Boudé à ses débuts, le rosé représente désormais plus de 10% de la production champenoise. Sur les marchés étrangers, les ventes ont plus que doublé en moins de dix ans.

 

Plus personne aujourd’hui n’ose, à son propos, parler d’épiphénomène et l’on s’abstient, dorénavant, de qualifier le rosé de « champagne pour dames ». L’ironie n’est plus de mise depuis que ses bulles ont infligé un cinglant démenti aux vers célèbres de Malherbe (1555-1628) : « Et, rose, elle a vécu ce que vivent les roses, L’espace d’un matin. » Car cela fait un bail que le rosé champenois n’est plus un effet de mode mais, bel et bien, un champagne à part entière solidement inséré dans la hiérarchie sacramentelle des cuvées de l’ancien « vin des sacres ».

Plus de 35 millions de bouteilles

C’est que les chiffres parlent d’eux-mêmes et balaient du même coup les ultimes préjugés à l’égard d’un produit longtemps considéré comme marginal. La part de marché du rosé dépasse les 10% (12% dans les pays tiers) et devance à l’export le volume cumulé des cuvées de prestige et des bruts millésimés (environ 7% des expéditions). Au rythme soutenu de 3 à 4% chaque année, la progression des bulles chatoyantes bat tous les records sur les marchés mondiaux.

On peut, actuellement, estimer à plus de 35 millions de bouteilles la part du rosé dans la production champenoise. À l’étranger, où les ventes de ce type de bulles ont plus que doublé en moins de dix ans, ce sont les pays hors Union européenne qui en consomment le plus avec 57% des rosés commercialisés. Quand on songe qu’en 1981, le volume de champagne rosé exporté dépassait péniblement 800.000 flacons ! Après la France, convertie depuis longtemps, c’est aux États-Unis que l’appétence pour le rosé est la plus spectaculaire. Avec 3 millions de bouteilles en un an (plus de 16% de leurs achats de champagne), ils constituent avec le Royaume-Uni, le Japon et l’Allemagne, le noyau dur des fans de bulles colorisées.

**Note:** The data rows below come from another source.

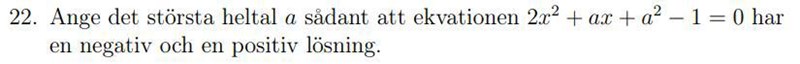 Ser ju spontant att alla heltal a som är större än 2 ger ett negativt rotuttryck vilket ger komplexa rötter. Provar med a = 1 och det ger ju:
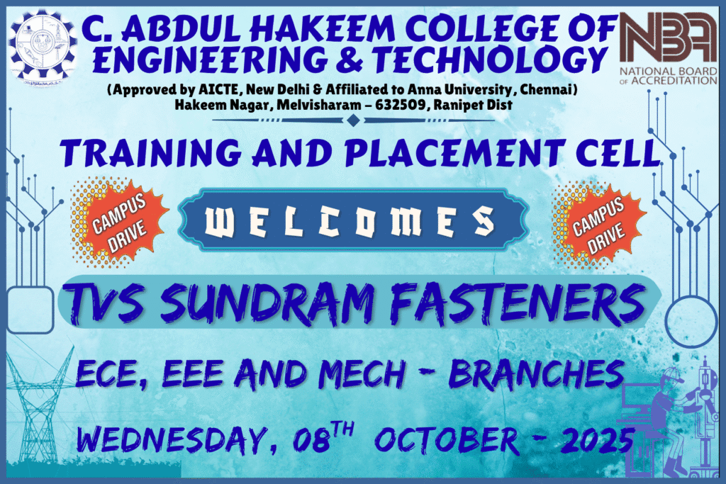 The Training and Placement Cell of C. Abdul Hakeem College of Engineering & Technology, Melvisharam, is pleased to announce a Campus Recruitment Drive by “TVS Sundram Fasteners Limited.”
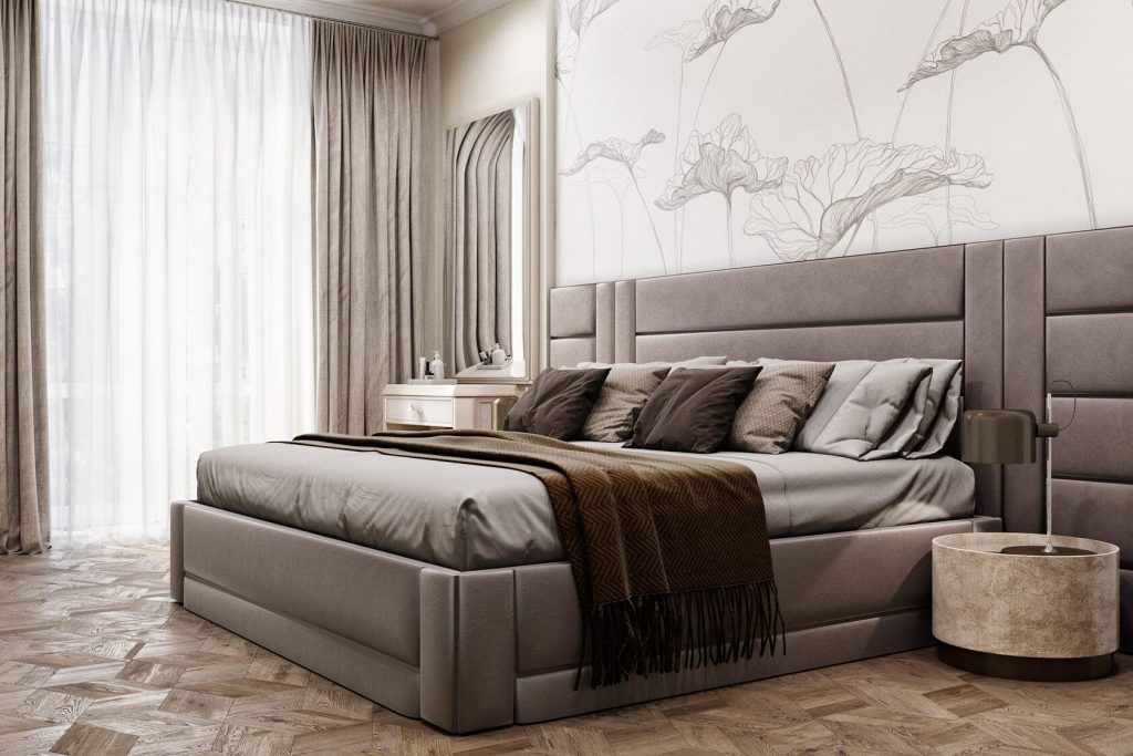 Стены оформлены декоративными панелями с мягкой текстурой, которые добавляют глубины, но не перегружают интерьер.

Pour leur part, les Japonais en raffolent, qui consomment plus de 1,3 million de ces flacons (près de 14% de leurs importations). Avec une préférence de plus en plus marquée pour les rosés millésimés qui ne représentent, momentanément sans doute, que 3% de la production.

Tout le monde fait du rosé

La Champagne, comme elle sait si bien le faire, s’est adaptée à cette situation nouvelle et elle a su rosir pour faire face à cet engouement. À tel point qu’aujourd’hui, tout le monde ou presque élabore du rosé, à l’exception de cas très particuliers comme celui de Salon, par exemple, qui se consacre à une unique cuvée de blanc de blancs. Même Krug, qui avait résisté pendant si longtemps à la tentation d’un rosé (près d’un siècle et demi), ne regrette pas d’avoir finalement craqué pour un rosé pas comme les autres (on tient au distinguo dans la maison). Copie fidèle de la Grande Cuvée (le mètre étalon de la marque), elle est très légèrement colorée au pinot noir macéré sur peau et elle mérite d’être rangée dans la catégorie des rosés les plus resplendissants.

C’est donc la fête du rosé sur les coteaux de Champagne, où la moitié des plus importants producteurs proposent deux cuvées de rosés différentes. D’autres, comme Deutz, Gosset, Veuve Clicquot, Lanson, Duval-Leroy, Philipponnat, Nicolas Feuillatte ou Pannier vont même jusqu’à donner aux amateurs le choix entre trois cuvées. Ou plus encore (Pommery).

Discours sur la méthode

Preuve, s’il en était besoin, de l’intérêt porté à ce type de champagne : même les plus grandes cuvées de prestige ont une version rosée et, parfois, depuis longtemps. C’est le cas de Dom Pérignon (1959), Dom Ruinart (1966), Comtes de Champagne de Taittinger (1970), Cristal de Roederer (1974), Grande Année Rosé de Bollinger (1976), Belle Époque de Perrier-Jouët (1976), Grande Dame Rosé de Veuve Clicquot (1988), Celebris de Gosset (1995), Alexandra de Laurent-Perrier (1982) et plus récemment (2014) Amour Rosé de Deutz.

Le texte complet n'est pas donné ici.